In "classical" OE the status of palatalised <sc> seems to have been like that of <s^c^> in modern Russian. Note that intervocalic <-sc-> (presumably = [-S.S-]) behaved like a real cluster in OE verse: a word like <bisceope> 'bishop [dat.]' could be metrified as "heavy primary-stressed + light accented + unstressed", so that <to bisceope> was a well-formed half-line. Even in Middle English medial "sh" had geminate-like properties: open-syllable lengthening did not apply before it (while even the syllabification of /-st-/ seems to have vacillated between /s.t/ and /.st/).

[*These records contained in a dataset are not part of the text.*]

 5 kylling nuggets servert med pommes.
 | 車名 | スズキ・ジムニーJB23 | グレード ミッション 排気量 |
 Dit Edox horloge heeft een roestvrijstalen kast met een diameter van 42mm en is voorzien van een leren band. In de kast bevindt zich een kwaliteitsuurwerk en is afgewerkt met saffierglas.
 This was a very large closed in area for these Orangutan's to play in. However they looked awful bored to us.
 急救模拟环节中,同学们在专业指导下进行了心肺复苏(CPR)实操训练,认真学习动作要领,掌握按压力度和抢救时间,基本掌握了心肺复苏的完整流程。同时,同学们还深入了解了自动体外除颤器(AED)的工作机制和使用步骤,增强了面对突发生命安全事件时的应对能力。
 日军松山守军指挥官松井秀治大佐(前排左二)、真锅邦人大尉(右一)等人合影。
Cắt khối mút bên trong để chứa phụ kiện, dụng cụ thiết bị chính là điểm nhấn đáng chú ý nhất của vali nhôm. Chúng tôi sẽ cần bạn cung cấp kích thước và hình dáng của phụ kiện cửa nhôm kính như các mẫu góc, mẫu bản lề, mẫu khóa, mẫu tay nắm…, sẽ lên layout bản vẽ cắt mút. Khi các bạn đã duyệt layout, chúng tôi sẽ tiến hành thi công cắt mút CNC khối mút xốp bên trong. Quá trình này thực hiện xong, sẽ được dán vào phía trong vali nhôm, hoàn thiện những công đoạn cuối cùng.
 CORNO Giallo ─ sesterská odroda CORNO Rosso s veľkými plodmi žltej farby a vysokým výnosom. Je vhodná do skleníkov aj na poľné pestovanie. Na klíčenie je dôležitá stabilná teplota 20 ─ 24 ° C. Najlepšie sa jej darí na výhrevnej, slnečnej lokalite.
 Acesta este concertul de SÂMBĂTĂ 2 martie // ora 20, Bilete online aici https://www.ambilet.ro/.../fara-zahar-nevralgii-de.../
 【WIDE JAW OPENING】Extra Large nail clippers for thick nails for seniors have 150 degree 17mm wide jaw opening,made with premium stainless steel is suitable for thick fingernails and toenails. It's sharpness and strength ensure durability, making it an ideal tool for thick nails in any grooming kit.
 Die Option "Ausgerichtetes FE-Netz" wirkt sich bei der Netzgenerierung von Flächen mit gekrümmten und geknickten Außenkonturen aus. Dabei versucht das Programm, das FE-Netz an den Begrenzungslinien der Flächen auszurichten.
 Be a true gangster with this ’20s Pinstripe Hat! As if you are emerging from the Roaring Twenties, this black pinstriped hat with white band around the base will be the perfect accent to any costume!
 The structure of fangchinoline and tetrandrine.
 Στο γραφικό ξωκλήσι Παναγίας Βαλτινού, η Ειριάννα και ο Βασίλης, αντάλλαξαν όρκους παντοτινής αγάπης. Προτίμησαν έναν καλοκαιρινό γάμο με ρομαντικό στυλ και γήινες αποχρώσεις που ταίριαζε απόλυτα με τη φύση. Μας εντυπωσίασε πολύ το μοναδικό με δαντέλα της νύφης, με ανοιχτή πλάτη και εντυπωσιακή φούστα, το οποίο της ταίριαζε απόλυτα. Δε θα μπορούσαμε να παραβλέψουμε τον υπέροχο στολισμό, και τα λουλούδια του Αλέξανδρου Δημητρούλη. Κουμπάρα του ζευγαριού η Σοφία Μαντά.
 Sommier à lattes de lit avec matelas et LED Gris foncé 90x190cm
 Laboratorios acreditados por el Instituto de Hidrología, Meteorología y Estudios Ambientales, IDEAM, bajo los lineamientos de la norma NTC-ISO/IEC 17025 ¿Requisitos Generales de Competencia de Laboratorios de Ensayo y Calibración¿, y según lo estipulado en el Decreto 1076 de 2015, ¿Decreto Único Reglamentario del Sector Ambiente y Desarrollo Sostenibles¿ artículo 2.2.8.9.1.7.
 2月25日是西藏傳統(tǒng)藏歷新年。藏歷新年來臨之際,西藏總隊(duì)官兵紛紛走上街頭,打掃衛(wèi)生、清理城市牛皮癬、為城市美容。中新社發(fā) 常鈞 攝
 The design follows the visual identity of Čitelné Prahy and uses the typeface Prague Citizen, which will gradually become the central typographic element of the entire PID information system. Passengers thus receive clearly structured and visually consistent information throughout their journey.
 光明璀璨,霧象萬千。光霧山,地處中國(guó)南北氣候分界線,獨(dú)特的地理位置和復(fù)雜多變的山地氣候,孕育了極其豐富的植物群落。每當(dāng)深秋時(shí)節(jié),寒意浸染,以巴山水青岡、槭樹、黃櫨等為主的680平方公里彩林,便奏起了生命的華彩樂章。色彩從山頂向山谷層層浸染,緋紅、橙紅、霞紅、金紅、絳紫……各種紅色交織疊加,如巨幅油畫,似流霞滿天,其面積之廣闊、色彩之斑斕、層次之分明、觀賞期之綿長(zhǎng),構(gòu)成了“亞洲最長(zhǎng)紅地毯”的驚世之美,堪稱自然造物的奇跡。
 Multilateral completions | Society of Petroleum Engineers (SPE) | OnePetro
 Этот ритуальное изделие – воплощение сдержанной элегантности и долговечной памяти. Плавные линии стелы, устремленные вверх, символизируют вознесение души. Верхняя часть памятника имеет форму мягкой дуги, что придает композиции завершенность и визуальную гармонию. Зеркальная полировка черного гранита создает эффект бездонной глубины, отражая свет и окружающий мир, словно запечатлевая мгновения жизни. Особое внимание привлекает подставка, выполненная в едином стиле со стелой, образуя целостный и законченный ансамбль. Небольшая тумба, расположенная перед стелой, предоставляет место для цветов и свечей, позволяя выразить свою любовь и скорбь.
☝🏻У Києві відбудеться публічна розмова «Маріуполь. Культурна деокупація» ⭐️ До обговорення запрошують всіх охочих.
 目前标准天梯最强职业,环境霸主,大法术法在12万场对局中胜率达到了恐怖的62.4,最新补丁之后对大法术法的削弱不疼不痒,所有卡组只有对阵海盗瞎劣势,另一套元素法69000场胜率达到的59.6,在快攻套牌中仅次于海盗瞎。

I don't think initial "sh" was ever voiced in the southern dialects. The full phonemicisation of /S/ as a member of the voiceless fricative series was probably complete when intervocalic geminates became simplified.
 
Piotr
 
 
----- Original Message -----
From: richardwordingham
To: phoNet@yahoogroups.com
Sent: Friday, August 23, 2002 7:50 PM
Subject: [phoNet] Re: Parallel Potentially Feeding Changes with Sporadic Exceptions

I feel cheated when Quirk and Wrenn's 'An Old English Grammar' says, 'By the time of Classical OE, the biliteral sc had come to represent the single consonant source [S] occurring initially in Mod. E. 'ship' and in the form OE 'scip'; in poetry, words beginning with sc- could alliterate only woth other wrds beginning with sc-.'  The statement seems to claim this rule as evidence that 'sc' was [S] rather than [sk], whereas the applicabilty of the rule to 'sp' and 'st' greatly weakens this evidence.